Paper ID: | 1146 |
---|---|

Title: | BourGAN: Generative Networks with Metric Embeddings |

Update: I think the authors did a good job in the rebuttal, and I appreciate the nice work. ----------------------------- This paper addresses the problem of mode collapsed in GAN, and proposes a theoretically grounded approach to resolve the problem based on metric embedding. The basic is the define the latent space as a mixture of Gaussian to address the difficult of mapping a single mode distribution such as Gaussian to a multi-mode data distribution. The proposed Gaussian mixture works like kernel density estimation, which takes a set of predefined latent representations obtained from metric embedding of the original data as the mean of Gaussians.

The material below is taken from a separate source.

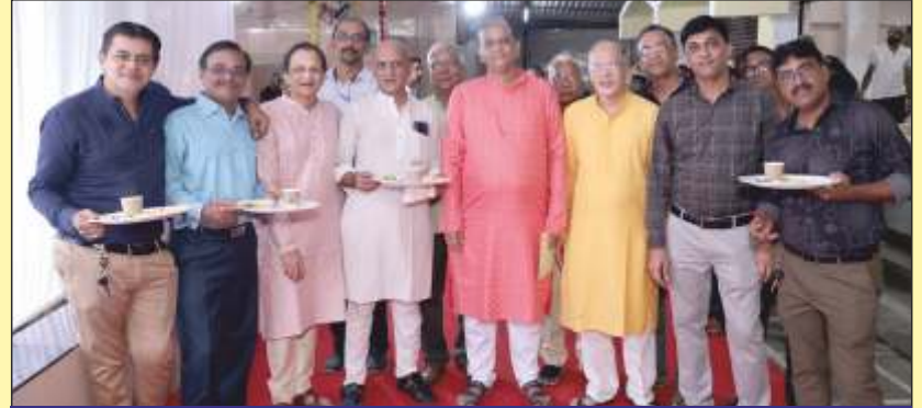
નવકારશીને ન્યાય આપતા હોદ્દાદારો, કારોબારી સભ્યો

Quality: The paper is of high quality in the way that it relates the proposed method with theory. Clarity: The paper is well written in general, with the proposed method clearly written. Originality: The paper is original in my opinion. Significance: The paper is significant in the sense that it address an important problem of GAN: how to deal with mode collapsed. I also have some concerns. It seems to me that the theory provides guarantees on the approximation, but not on how good mode collapse could be addressed. It would be great to guarantee to what extent the modes could be recovered by the generator, though I admit it would be very challenging. In the experiments, though the proposed method seems to recover more modes, I wonder if the quality of the generated images is as good as other methods. This might be done by comparing some scores such as the inception score. Have the authors done this?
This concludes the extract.